Ironically: https://www.anandtech.com/show/10536/nvidia-maxwell-tile-rasterization-analysis and it's even funnier considering that the mentioned trend is rather growing than shrinking. Granted it's only for a relatively small portion of geometry, but it remains a clever workaround for whenever they need it. This should not mean that I personally expect NVIDIA to change to a DR architecture since there's no necessity for it either. It shouldn't be too hard to figure that trying to mix the best of both worlds wherever necessary could solve quite a few problems.
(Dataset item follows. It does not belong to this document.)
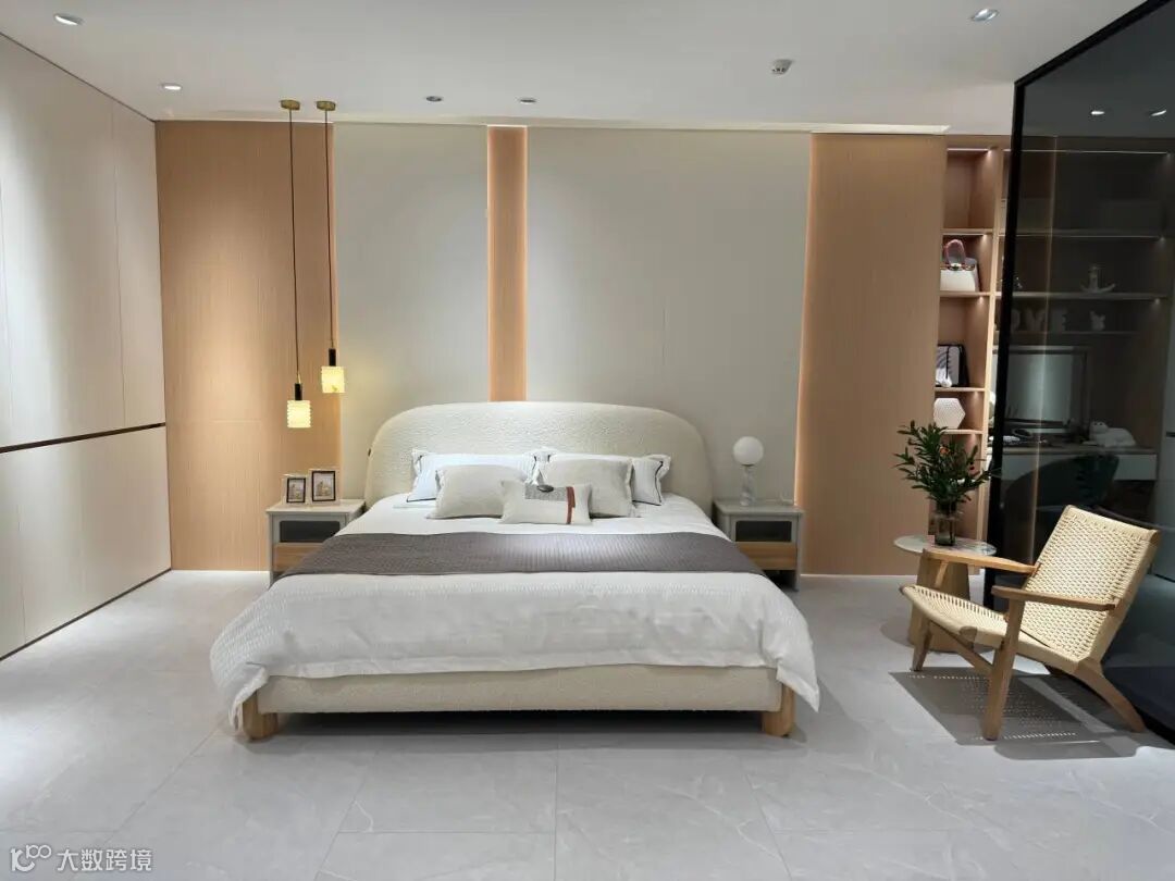 展会现场,A家家居展位人头攒动,热闹非凡。2700㎡展厅设计依托一体化整家的概念,巧妙融合各品类家居产品,打造风格统一的全屋整案空间,高颜值的家居单品和沉浸式空间体验感吸引观众们纷纷驻足,赞叹不已。

And no I don't see where and why there are or should be any compatibility problems, even more so that Radeons use a form of hierarchical tiling for eons now.

IF (mark big if here) China should truly use IMG as a vehicle for GPU IP wherever they need it, their market is going to be vast. China will have to pour more resources though into IMG and IMG will have internally to learn how to execute, especially on the support/sw level. If now Apple on top of that should continue to use architectural licenses from IMG and their going to use TBDRs both for their Macs as well as i-gear the amount here is equally massive and there haven't been there any compatibility problems for games and applications either from the start where Apple used its first MBX to the A13 GPU today. There are simply a few pitfalls for developers to avoid with TBDRs which don't take any advanced sorcery to battle and at worst the PowerVR driver circumvents it with a workaround.
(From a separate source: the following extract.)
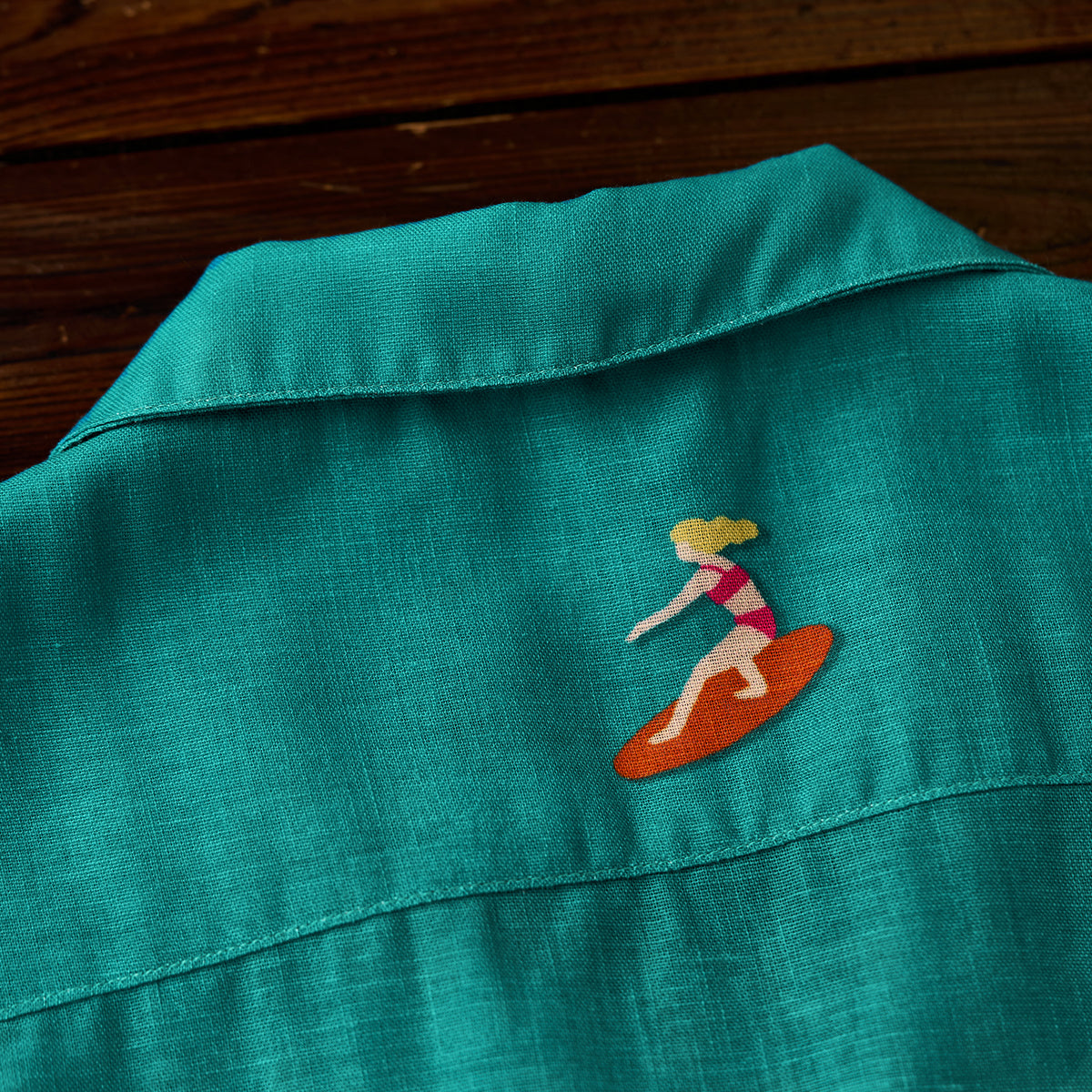 ポリエステルを使用した「フェイクコットン」は、綿のようなナチュラルな見た目を維持しつつ、「シワになりにくい」「速乾性が高い」というメリットがあります。薄手の生地感はドレープが出やすく、アロハ特有のリラックスしたシルエットを強調します。

Other than that past history: https://www.vogonswiki.com/images/f/f5/Nvidia_on_kyro.pdf
Same story, in a different tune.

Apple took (was it starting with A6/7 or later?) the GPU code from IMG and has re-written it to a large portion to date. One can call it an Apple GPU eventually, however to the outside it's very much a TBDR which continues to use IMG's own texture compression algorithms and that's why Apple renewed it's architectural license with IMG months ago. To the best of my knowledge Apple has not licensed yet any form of Alborix and it will be interesting to see if they fetch a new architectural license for future Alborix C due to its inbuild ray tracing capabilities.
 
Last edited:
Ironically: https://www.anandtech.com/show/10536/nvidia-maxwell-tile-rasterization-analysis and it's even funnier considering that the mentioned trend is rather growing than shrinking. Granted it's only for a relatively small portion of geometry, but it remains a clever workaround for whenever they need it. This should not mean that I personally expect NVIDIA to change to a DR architecture since there's no necessity for it either. It shouldn't be too hard to figure that trying to mix the best of both worlds wherever necessary could solve quite a few problems. And no I don't see where and why there are or should be any compatibility problems, even more so that Radeons use a form of hierarchical tiling for eons now.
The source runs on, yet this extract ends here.